The air, soil, water, and microbes surrounding an individual plant represent one tiny fraction of an ecosystem. And yet, when you look closely, this little slice of organic and inorganic material is a universe unto itself, filled with thousands of chemicals and populated by billions of organisms conducting incalculable interactions every second.

 

Within such microcosms are answers to long-standing and large-scale questions such as how organisms across the planet are responding to climate change, how nutrients cycle through the food chain, and how we humans can engineer productive and drought-resistant crops. So, scientists and engineers from the Department of Energy’s Lawrence Berkeley National Laboratory (Berkeley Lab) teamed up to create a unique platform that can be used to study all aspects of these miniature environments with unprecedented precision and control.

The technology, named EcoPOD, is essentially a high-tech growing chamber, about the size of a Mini Cooper perched on one end, that allows plants to be grown under highly controlled conditions. The inner chamber can house a little over 0.5 cubic yards of soil, has room for about five feet of atmosphere, and is equipped with sensors that measure both above and below-ground characteristics. Other devices precisely control the environment within the EcoPOD chamber – including water, humidity, temperature, light intensity and light wavelength – to allow simulations of past, present, and future climate scenarios, as well as manipulation of individual environmental parameters.

 

“We developed the EcoPOD because there was a recognition that you can't just do plant biology, you can't just look at soil, and you can't just do atmospheric science – they’re all linked,” said project participant Esther Singer, a research scientist in the Environmental Systems and Genomics Division (EGSB) of the Biosciences Area. “The platform allows you to evaluate the impact of many different factors that affect ecosystem processes simultaneously, and provides an opportunity for scientists with diverse expertise to combine their knowledge by working on the same experiment together.”
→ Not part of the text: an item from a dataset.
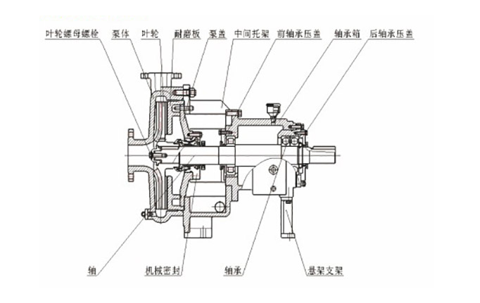 5)葉輪(lún)輪毂與泵(beng)蓋間有較(jiao)大的錐形(xing)空間,防止(zhǐ)固相介質(zhi)進入軸封(fēng)。

The very first EcoPOD is now fully assembled and tested, with preliminary experiments under way following three years of research and design by a diverse team of Berkeley Lab staff, in collaboration with the instrument vendor company, called UGT.

 

“It’s a truly multidisciplinary tool. Getting it to this stage required intense collaboration between our engineers, operations staff, and scientists. Now that it’s here, many researchers are excited to use the technology for novel experiments,” said Horst Simon, Deputy Lab Director for Research. Mary Maxon, Associate Laboratory Director for Biosciences, agreed, adding, “In a short time, the EcoPOD has become a cornerstone for research in our Area and will be the foundation for many collaborations, both inside the Lab and out.”

 

AN ISSUE OF SCALE

According to Jenny Mortimer, an affiliate scientist in the EGSB Division and an early EcoPOD advocate, the idea for something like an EcoPOD existed in the scientific community long before anyone built one. The decision to actually try doing so arose naturally from the process of developing another one of Berkeley Lab’s cross-disciplinary, ecosystem investigation tools called EcoFAB. About the same size as the box a cell phone comes in, the EcoFAB is a transparent plastic container that can hold a seedling plant and a small dollop of soil.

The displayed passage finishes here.